The second skill, Robbins says, is where people struggle: mastering the science of fulfillment.
“If you go out and have this massive success but you’re not happy and you’re not fulfilled, you’re gonna be empty inside,” he says.
Instead of changing things in your outside world, you must focus on what makes you feel good inside—what makes you feel truly alive and what makes you feel like you’re growing and becoming the best version of yourself.
“When people ask me, ‘What does it take to be happy?’ I always say to them, ‘It’s simple. One word: progress. Progress equals happiness,’ ” Robbins says.
Watch Your Coffee
When Robbins was a young man, his mentor, Jim Rohn, instilled in him a lesson that has persisted for decades.
“Do you realize how powerful your mind is?” Rohn asked Robbins.
“I think so,” he said, hesitating.
“Well, tell me something,” Rohn said. “What if you let anybody put anything you want in your coffee? What if your worst enemy put sugar in your coffee? What’s going to happen?”
“I’ll have sweet coffee,” Robbins replied.
“What if a family member, a friend or somebody by accident dropped strychnine in your coffee?” Rohn then asked.
“I’m dead,” Robbins said.
“Well, guess what? Life is both sugar and strychnine. You better watch your coffee,” Rohn said.
Much like we must guard our metaphorical coffees, Robbins says, we must guard our minds.
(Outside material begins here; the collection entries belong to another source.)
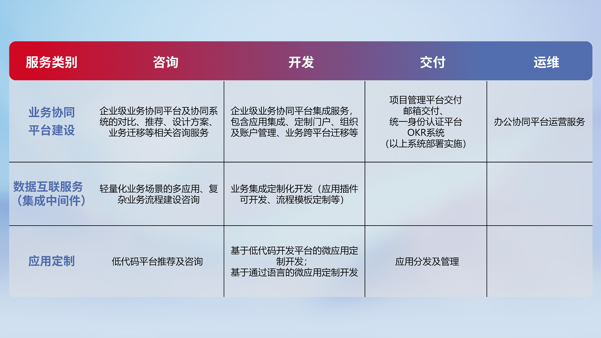 针对钉钉、、、企微、、IDaas等平台级产品提供产品的规划、、、、方案、、交付、、、、定制化开发等服务,,,,实现如统一协同办公、、、、智能客户服务、、、混合会议管理、、智能数据查询、、、、等业务场景,,,实现数字化转型。。。。
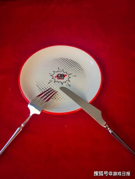 重头戏是这套餐具,红底色的盘子,以及一套刀叉,银光闪闪非常精致。
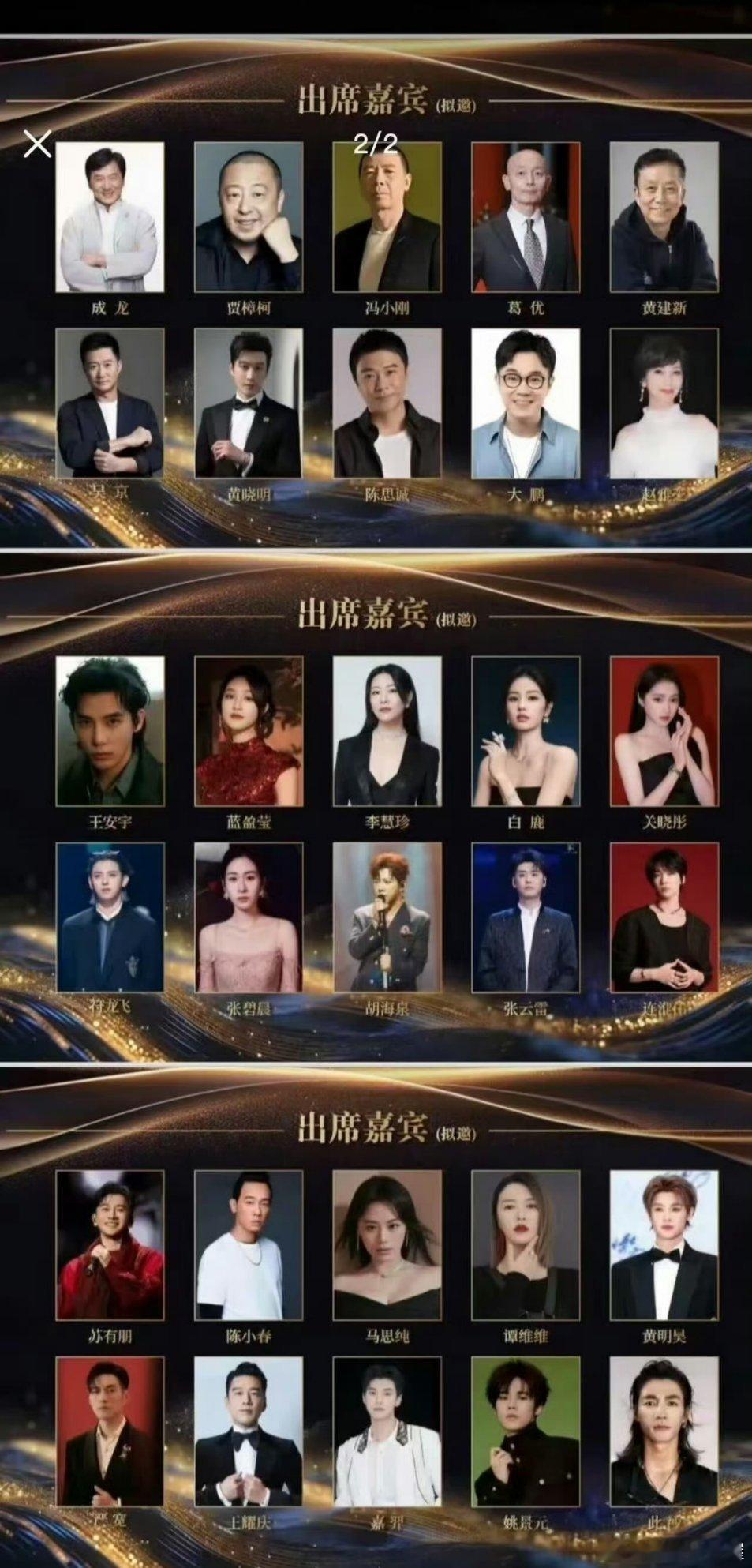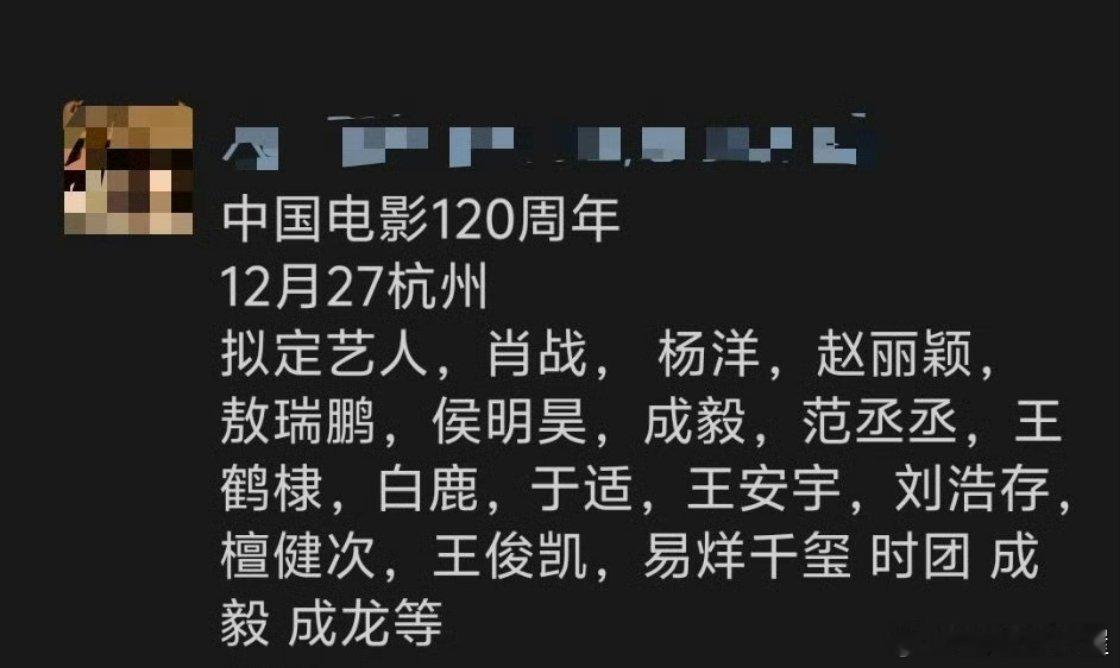 网传中国电影120周年拟邀嘉宾——肖战, 杨洋,赵丽颖,敖瑞鹏,侯明昊,成毅,范丞丞,王鹤棣,白鹿,于适,王安宇,刘浩存,檀健次,王俊凯,易烊千玺,时代少年团,成毅,成龙等

We must selectively choose what news and information we want to absorb, and filter out the noise.
“We’re drowning in information,” Robbins says.
“And we’re starving for wisdom.”
Life Is Growth
“When people come to me or come to your magazine, what do they want? I want more money. I want to be happy. I want to get more physically fit. I want a better relationship. I want love in my life. I want to grow my business. I want to make ‘x’ amount of money. What they’re really after is a greater quality of life. And if you really think about it, we all want that.
“Even if life is great, we usually want more. And that’s a healthy mindset, because life is growth.”